Do you have any idea, any idea at all, what fossil fuels mean to the world? Of course you don’t. I’m in chemical engineering, it was all in the freakin’ brochure and I still didn’t get it. But I do now. Listen up.
This is not a rant about oil prices, Iraq, global warming, or the shitty old car I’m tired of refilling post-Katrina. It’s about the safe, saccharine set of assumptions that keeps the economy afloat and the grocery shelves stocked, creates jobs and underlies any vision of how you thought you were going to live your life.
First things first: oil and gas prices are a lot more than “pain at the pumps.” Take a second to really consider how our modern, specialized economy actually works, how everything gets done. Every import or export—every Pez dispenser from China, fruit salad from California, or fair trade coffee bean from Nicaragua—takes oil to get it into stores. As does any attempt to build so-called energy alternatives—turbines and nuke plants don’t raise themselves. Most plastics, chemicals and packaging are made from oil and/or natural gas. That computer you type all those essays or labs on—well, that computer used 10 times its own weight in fossil fuels to build. Thanks to the green revolution in agriculture—modern farming that lets one farmer feed 120 people—we now use 10 calories of fossil fuel to grow a single calorie of food. It’s the fertilizers, pesticides, irrigation and tractors that hybridized, mechanized agriculture requires, which allows us to produce 130 bushels of corn per acre, instead of 30. Having so few farmers and so many cities really is a temporary anomaly.
With this in mind, let’s talk timelines. The sad fact is, most of the “reserve growth” in the last few decades is not new discovery. Because of legally binding stock exchange rules, companies conservatively understate the size of oil and gas finds, and slowly bump up the numbers as they develop a field. Unfortunately, it’s helped to obscure the fact that worldwide oil and North American natural gas discovery maxed out in the ’60s. These days, 80 per cent of our oil comes from fields older than Watergate and Vietnam, and we only find about one new barrel for every four we burn. This is a decades-long, worldwide trend, persisting through new technology, record prices and demand that grows two to three per cent each year.
And as oil fields deplete, the pressure drops and it becomes harder and harder to remove the oil. This means that even if we have “40 years of oil left,” supply starts falling long before then. Many experts calculate world oil production will reach its maximum sometime within the next decade, even with tar sands, deep-water recovery technology and other possibilities. Then an unavoidable, permanent decline will begin. World natural gas will likely peak between 2020 and 2040, but North America is facing a gas crisis today that even imports from other continents can’t resolve.
We are facing a slowly and constantly declining supply of energy within our lifetime, possibly even before we graduate. Every proposed government or civilian solution out there takes an absolute minimum of 20 years to get rolling. Creating a commercially-ready hydrogen alternative will take at least two decades—even building a nuclear plant every two days would not be enough to do it. Nor would expanding wind and solar power generation a thousand-fold. Given the magnitude of what is involved, it’s almost impossible to argue any combination of alternatives will produce as much energy—or as large an economy—as what we have today. That means something’s gotta give.

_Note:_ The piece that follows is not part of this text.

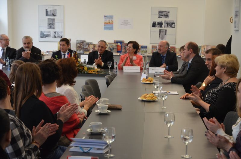 Rektor Lipeckej štátnej technickej univerzity, s ktorou katedra rusistiky FF UCM aktívne spolupracuje, doktor A.K. Pogodajev poblahoželal Univerzite sv. Cyrila a Metoda k dvadsiatemu jubileu. Blahoželanie odovzdala docentka Marina Stanislavovna Matycina z katedry cudzích jazykov, ktorá sa stretla s rektorom UCM doc. Dr.h.c. Ing. Jozefom Matúšom, CSc., prorektorkou pre zahraničné styky doc. PhDr. Ruženou Kozmovou, CSc., prorektorom pre vedecko-výskumnú činnosť prof. Ing. Jozefom Lehotayom, DrSc. a dekankou FF UCM doc. Mgr. Katarínou Slobodovou Novákovou, PhD. Na stretnutí sa diskutovalo o otázkach ďalšej spolupráce, konkrétne o otázke mobility študentov a vyučujúcich, o plánoch spoločných vzdelávacích programov, účasti na grantoch, ktoré organizujú akademické mobility, o publikácií vedeckých článkov v časopisoch a mnohom inom. Slávnostného programu jubilea sa zúčastnil aj mimoriadny a splnomocnený veľvyslanec Ruskej Federácie v Slovenskej republike pán L.A. Fedotov.

Post-peak, given our lack of alternatives, oil prices should explode at least to $150 per barrel. There will be confusion, debt, economic contraction, and possibly rationing. Prices will rise on everything shipped, which in today’s “efficient” economy is everything. Since we soon won’t be able to increase oil supply, and we can’t make substitutes fast enough, the real question now is how to adapt to a lifestyle of much less transportation, construction, medicine and plastics? How do we build up local economies with shorter shipping lines? How do we make a massive shift to chemical-free, labour-intensive agriculture that studies suggest can probably only feed two billion people? No one has been grooming us for a life of austerity and contraction, but that’s what it looks like will actually happen. Sorry, but it’s time to reorient your expectations of life.
This is not a problem that’s going to go away. As a community, we need to shake off the reckless, child-like faith in the notion that hydrogen, “or something,” will step in, that markets can recover from anything and that the future will always be pretty much the same thing as the past. We need to take some interest in this issue. I encourage you to do some research and get a feel for what “peak oil” and “natural gas crisis” actually mean, to you personally.
I’m not dumb enough to set a date, but the sweeping trends are clear. This is absolutely our generation’s crisis. Wake up. Please.
Jason Zakaib is a fourth-year chemical engineering student.